Every new Android Q feature we have found so far [Continuously updated]

It’s that time of the year again. Google has pushed out betas for its latest, greatest version of Android: Q. Your eagle-eyed Android Police editors have been combing through looking for new features, changes, improvements, and even setbacks. We’ve enumerated everything we’ve found here, together with a brief description of what’s new. So, let’s take a look at Android Q.

As always, we have to thank our tipsters (❤️) for our feature-level coverage. Without all of you, our jobs would be much harder.

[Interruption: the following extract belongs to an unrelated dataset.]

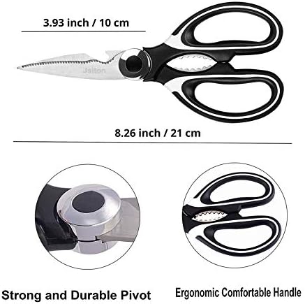 JSITON Multifunctional Kitchen ScissorsTips:Please keep the kitchen scissors out of the reach of children.The blades are sharp, please be careful to use.Please do not soak in water for a long time.ATTENTION:Please wipe with a dry towel after use or washing.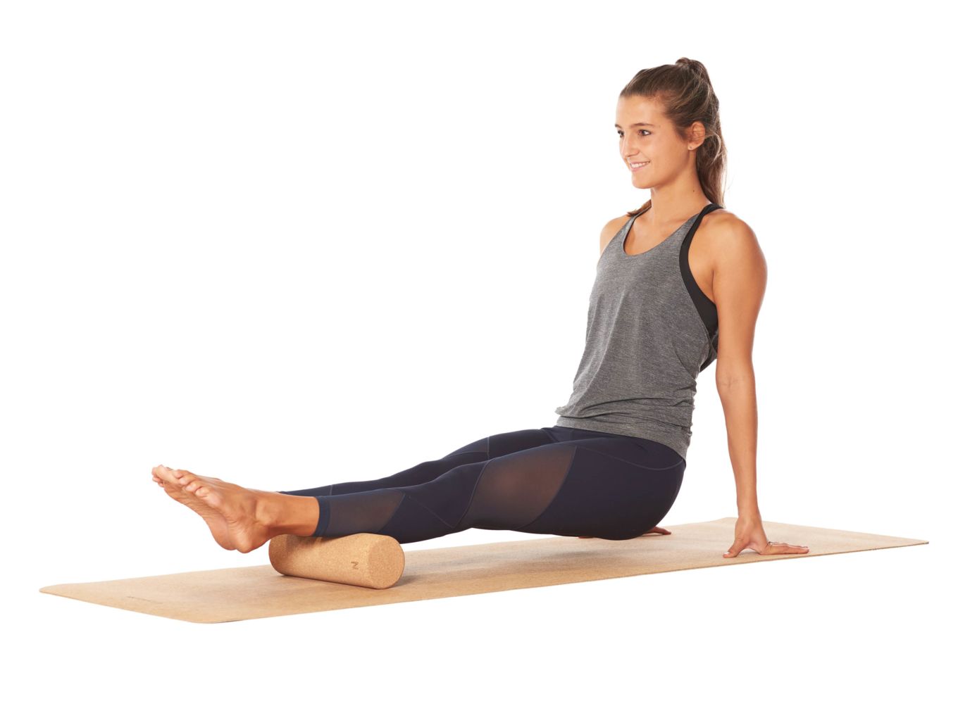 Lege der im Sitzen die Korkrolle unter die Waden, kurz über den Fersen. Stütze dich mit den Armen nach hinten ab und hebe dein Gesäß. Rolle nun langsam die Waden in Richtung der Kniekehlen aus. Beim Wiederholen erneut an der Ferse starten.

We’ve kept our general feature categories the same as last year for now, though they may be reorganized later if we determine different groups make sense. And keep in mind that we are still finding new features, so this document may sometimes lag a bit behind our series coverage. Based on a request I received last year, we’ve changed our format for these Android feature roundups to make them a little easier to follow over time.

What’s new?

Since yesterday, we’ve covered a few more changes in Android Q and tweaked a few things in some of our older coverage. We’ve still got a backlog of changes to get through, so anticipate future updates.

The list

Entirely new Q features

  • Theming: Android Q Beta 1 includes support for changing accent colors, fonts, and icon shapes — though the selection is limited.
  • Estimate for remaining battery life in quick settings: Apple may have responded to criticism around decreasing battery capacity in its latest MacBook Pro refresh by entirely eliminating battery life estimates, but Google is actually bringing that feature closer to the front and center in Android Q Beta 1, giving you that estimate in the quick settings shade. (Only if you enable battery percentage in the status bar.)
  • Share Wi-Fi details with QR codes: Alright, so QR codes didn’t exactly take off in the mainstream when it came to sharing sites on posters or business cards, but they’ve seen more use when it comes to security. Android Q Beta 1 will allow you to generate, share, and add network details including SSID and password via QR codes. Long passwords might be secure, but they’re also tedious, and this solves that problem.
  • System-wide dark theme: It’s incomplete, visually breaks a couple apps, and the setting has technically been removed, but Android Q further extends the previous device theme setting to apply Android Q’s dark mode to more things. However, the setting itself has been removed as of Beta 1, so you have to enable/disable it via ADB right now.
  • App defaults categories for call screening and emergencies: Android, unlike iOS, will let you replace default apps performing default actions with… whatever you want, really. The category of default apps is expanding to include a “call screening app” and an “emergency app,” letting you set new third-party defaults for both of those categories.
  • Native desktop mode: Mobile/desktop convergence is a longstanding dream (and one it’s easy to fail at), but Android Q Beta 1 introduced Google’s own take on the idea, with a desktop-style UI featuring free-form window management, though it’s clearly a work in progress.
  • Built-in screen recording: Bloggers everywhere will be pretty pleased to hear that Android Q Beta 1 shipped with a built-in screen recorder. YMMV, though, some have reported bugs with it, while others have no issue.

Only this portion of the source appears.